A “592 page” Museum in Pamuk’s Istanbul

Auteur / Author: 
Açalya ALLMER (Department of Architecture, Dokuz Eylül University, Turquie)
Date: 
Thursday, August 25, 2011 - 10:15
Local: 
R-R130

 

The Museum of Innocence (2009) is the most recent novel of the recipient of the 2006 Nobel Prize for Literature: Orhan Pamuk. The Museum of Innocence is also a real museum which is actually scheduled for opening in Çukurcuma, Istanbul in 2011. It is a museum curated by Pamuk, or more accurately, by his fictional character Kemal, a 30 year-old businessman, who falls in love with his beautiful distant relative, Füsun. In compensation for his failure to be with her, Kemal collects everything Füsun touches from cigarette butts to handkerchiefs and makes a museum of these collected objects, most of which he acquires by putting aside (indeed stealing) from Füsun’s house. One has to remember that Füsun is a fictional character as are the objects described in the novel. In reality, Pamuk himself collected those objects from antique stores, flea markets and collectors during the six years he spent writing the novel.

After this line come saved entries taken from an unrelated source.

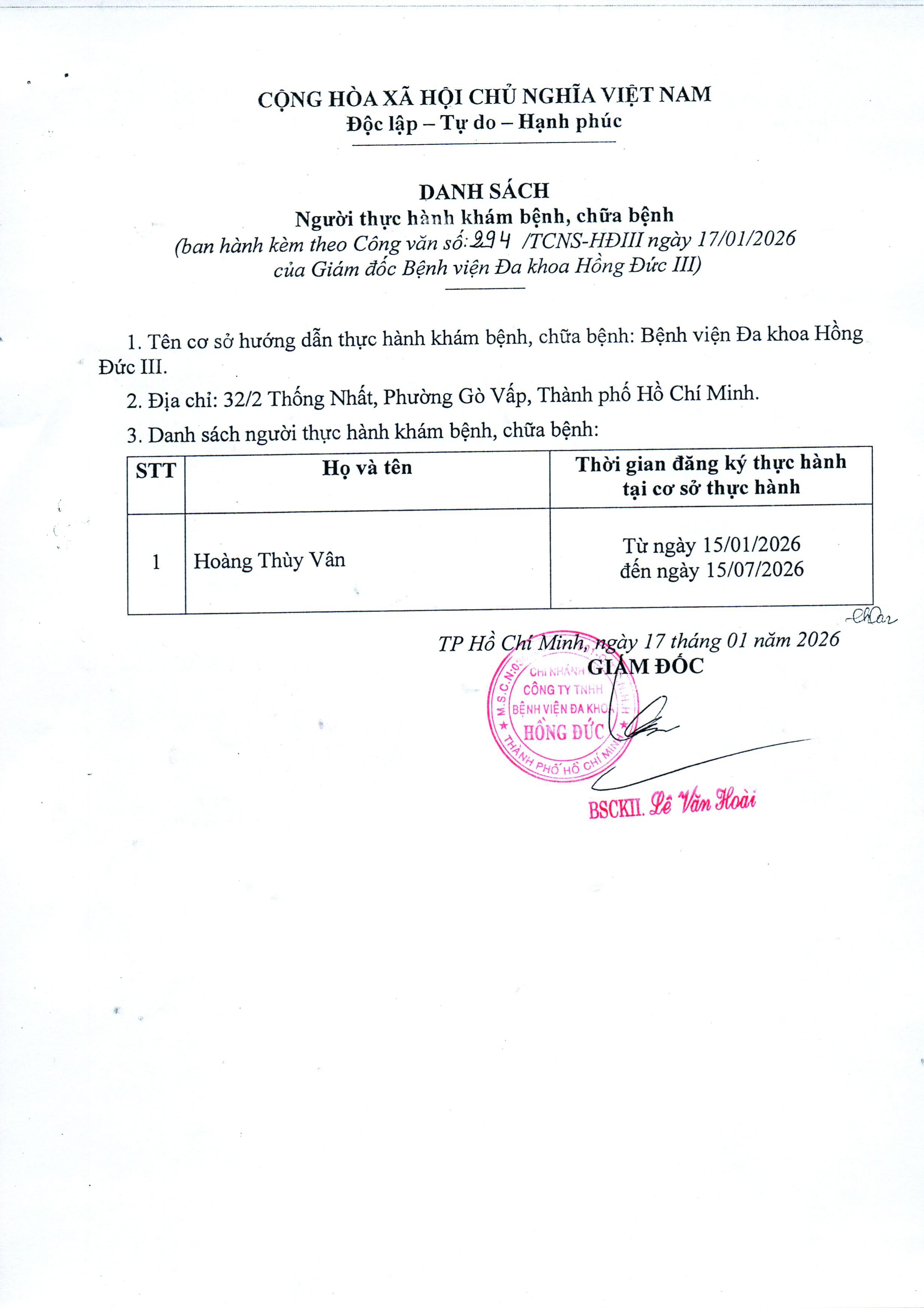 DANH SÁCH ĐĂNG KÝ THỰC HÀNH 15.01.2026
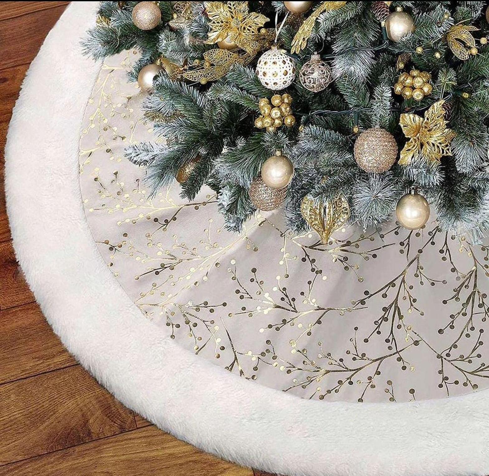 This Christmas tree skirt is the perfect addition to complete your holiday decor, crafted with high-quality materials that bring warmth and charm to your Christmas tree. Featuring a rich, textured fabric and festive colors or patterns, it not only enhances the base of your tree but also helps protect your floor from fallen needles or tree sap. Whether adorned with shimmering accents, plaid prints, or a simple elegant design, this tree skirt complements a variety of holiday themes, creating a cozy, festive foundation for your tree and gifts. Its timeless appeal makes it a cherished part of your seasonal decor for years to come.
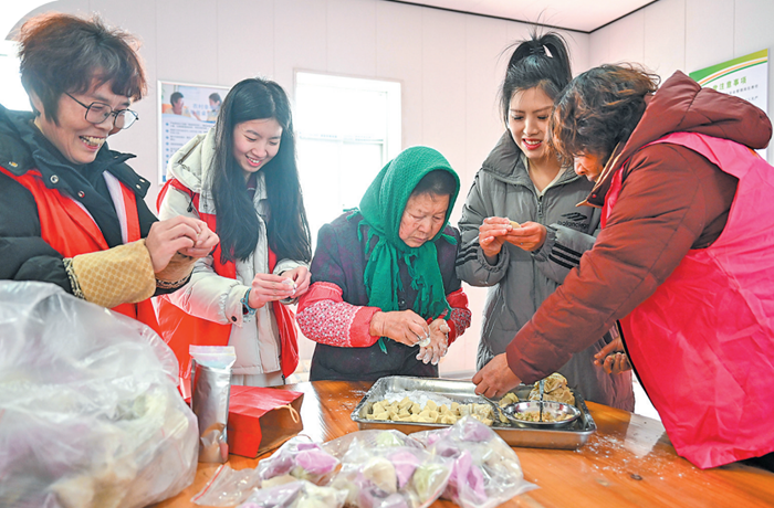 在大厝基村幸福院,村民和志愿者一起包拗九丸。
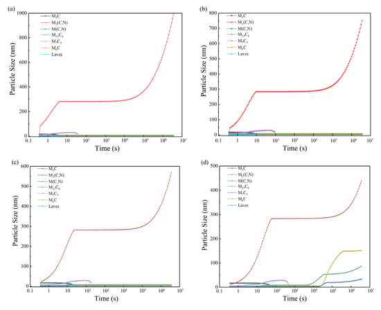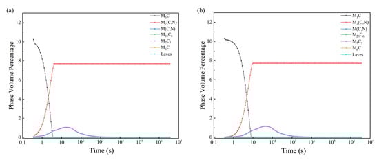 In addition to molybdenum and vanadium, a small amount of chromium is also present in MC carbides. Figure 4a shows that the chromium content remains almost unchanged throughout the whole process, indicating that the chromium and carbon formed by the M(C,N) carbides are more stable.
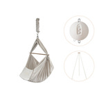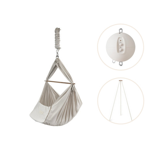 Stativ: Stilfuldt, sikkert og enkelt – med et Moonboon stativ kan du fastgøre din vugge eller slyngevugge, hvor du vil, så du altid kan holde øje med din sovende baby. Dette specialdesignede stativ er fremstillet i overensstemmelse med de strengeste europæiske sikkerhedsstandarder, så du kan være sikker på, at dit barn sover trygt og godt, så længe det har brug for det. Med tre ben i slanke, runde profiler er stativet let at samle og pakke væk, når det ikke er i brug, hvilket gør det både alsidigt og bærbart. Stativet er 194 cm højt og kan holde en vugge eller slyngevugge samt en vuggemotor.
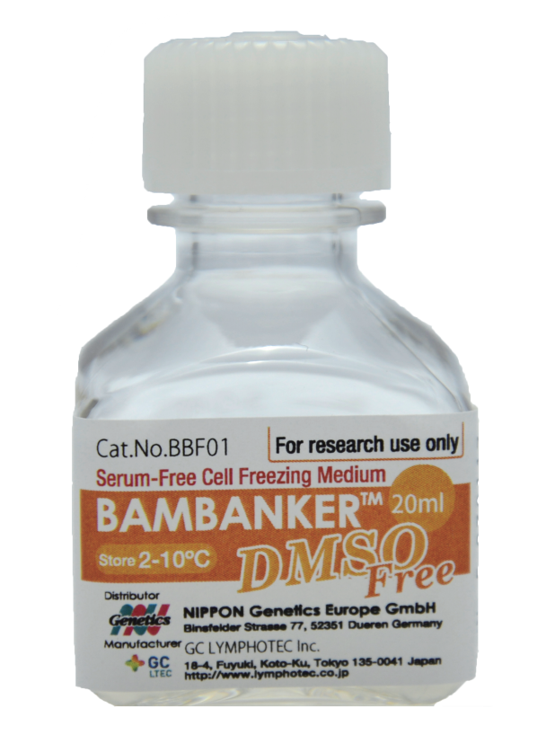 产品详情 ◎ 细胞复苏效率高 Bambanker™是一种无血清冻存培养基,在几乎所有的细胞中都表现出较高的存活率。 ◎ 无需程序降温 Bambanker™的特性决定了它无需程序降温即可完成细胞冻存。 ◎ 无需液氮 Bambanker™含有独特的化学成分,可以直接在-80℃下冻存细胞,且不造成细胞死亡和分化。 ◎ 即用型 Bambanker™冻存培养基是即用型的。使用前无需任何准备,拧开瓶盖即可开始冻存。 产品介绍 Bambanker™一种即用型、无血清的冻存培养基,可直接在-80 °C(或液氮中)冻存细胞,无需昂贵的生冷冰箱或耗时且复杂的程序降温。绝大多数细胞冻存复苏后的存活率超过50%,其中许多细胞超过90%。杂交瘤细胞在长期储存后可达到100%的存活率。
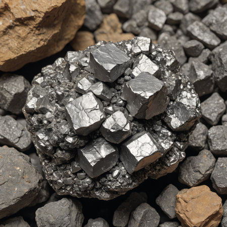 Shiny Platinum Ore Nuggets in Natural Light Mineral Mining Concept
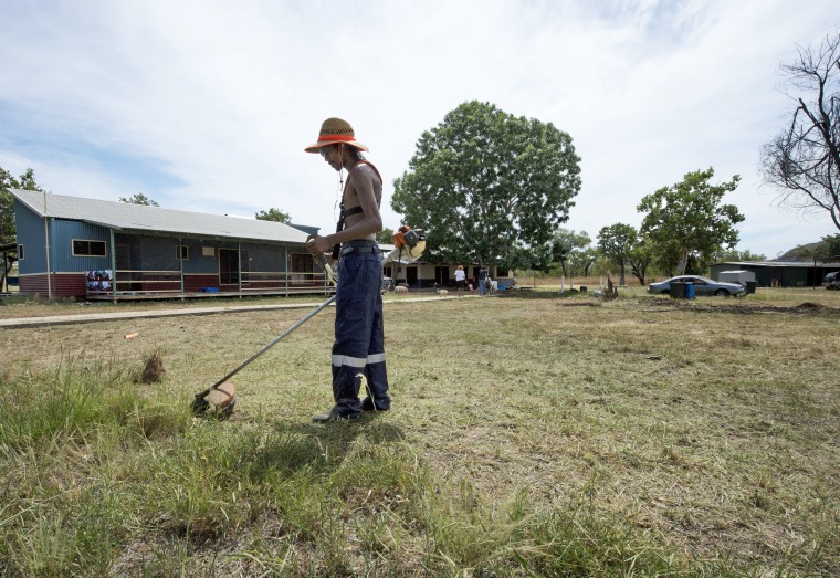 BA2840/26: Jaome Campbell who is Ben's son in law cleaning up around the Outstation at Cockatoo Springs 26 April 2017
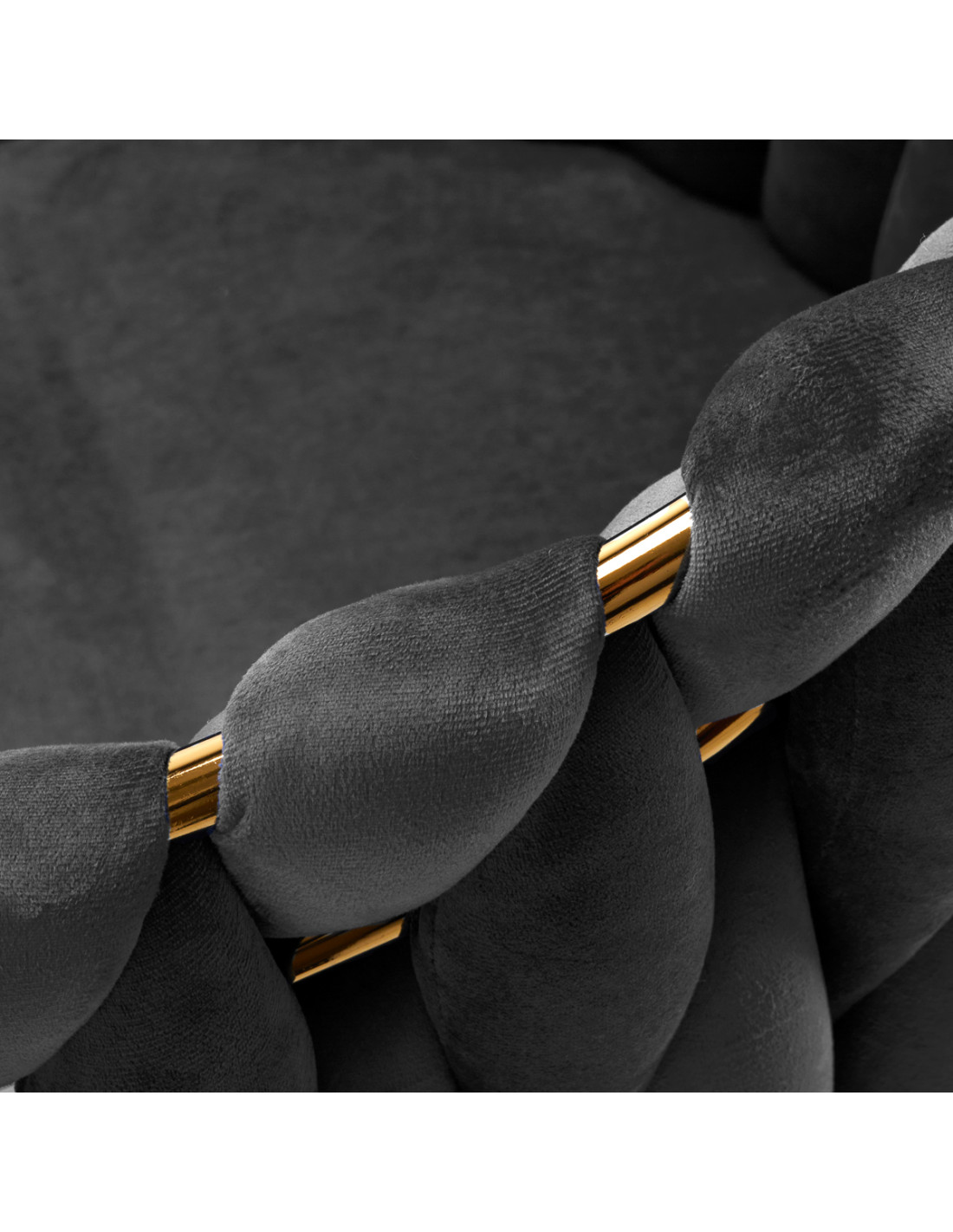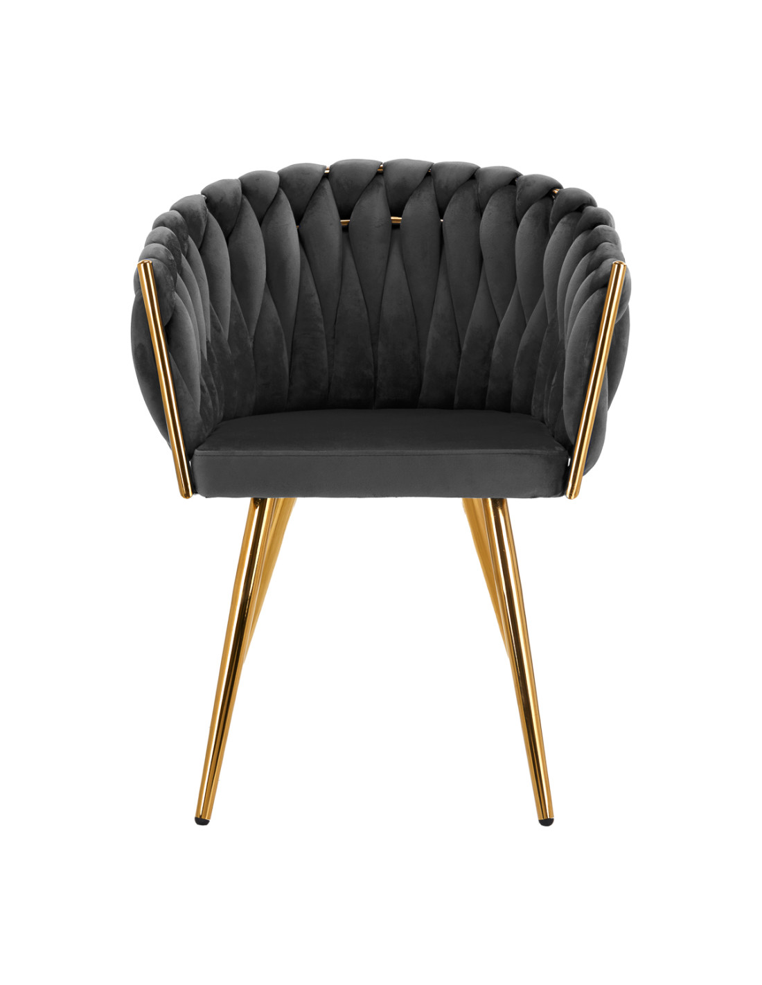 The pleasant-to-the-touch material, velvet upholstery in shades of gray gives the chair a unique character, and the aesthetically interwoven fabric on the backrest emphasizes the unique appearance of the furniture. This gives it an exclusive look and ensures comfort of use. The frame in shades of gold adds elegance and prestige, perfectly matching the velvet. The elegant 4Rico chair is an exceptionally comfortable piece of furniture that will decorate the reception area of any beauty salon.
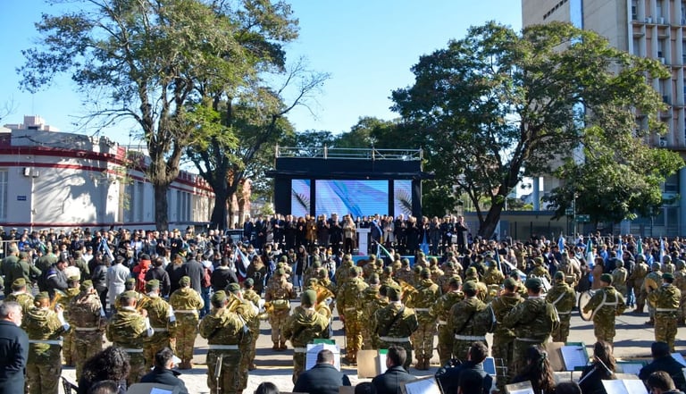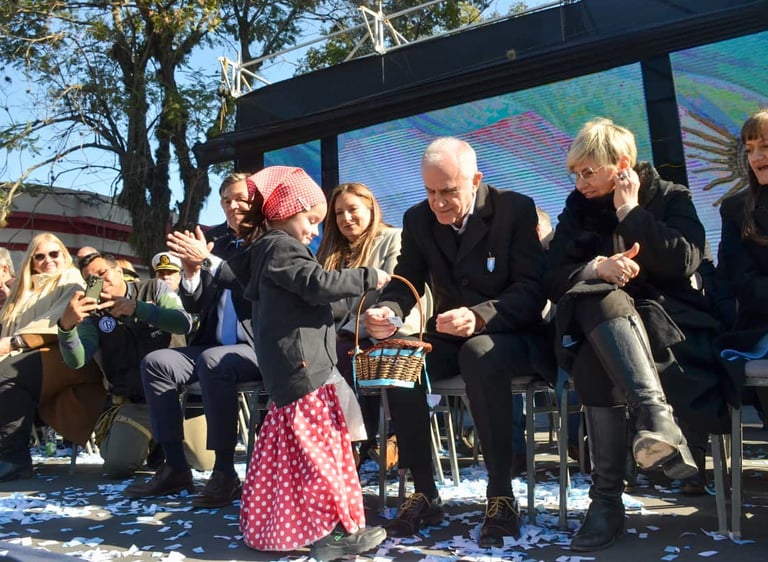 Hubo una suelta de globos de parte de alumnos de nivel inicial y se bailó el Pericón, como parte de este gran acto que concluyó con el desfile cívico militar, donde pasaron estudiantes, docentes, colectividades, excombatientes, fuerzas armadas y de seguridad, además de otras instituciones de la sociedad.

He also bought a dilapidated three-storey house similar to Füsun’s family house as he describes it in the novel and converted it into a museum.

 

The narrative space of the novel is the city of Istanbul, as usual in Pamuk’s work. Pamuk’s novel provides a rich frame of reference to Istanbul, “a city of ruins and of end-of-empire melancholy,” as he called in Istanbul: Memories and the City (IMC, 6). Besides Füsun’s house, there are many literary spaces narrated in the novel, either real or imaginary. Against the background of the bourgeois Istanbul, Pamuk describes many objects or belongings of Füsun. Through the confrontation between word and image, the novel turns into an exhaustive catalogue of Füsun’s practical and nonpractical belongings. For the readers of the novel who might want to visit this museum, a black and white map has been printed on the last page of the book. Likewise, on page 574 of the novel is a printed ticket which offers free access to the Museum of Innocence — real, imagined, imaginary and, reinvented.

 

This paper will explore the three different ways of existence Pamuk constructs. The first is the novel which is the written text, the second is the image that the reader of the novel paints in the mind’s eye, and lastly the museum in Çukurcuma which resembles an eighteenth-century Wunderkammer (cabinet de curiositiés) more than a modern museum.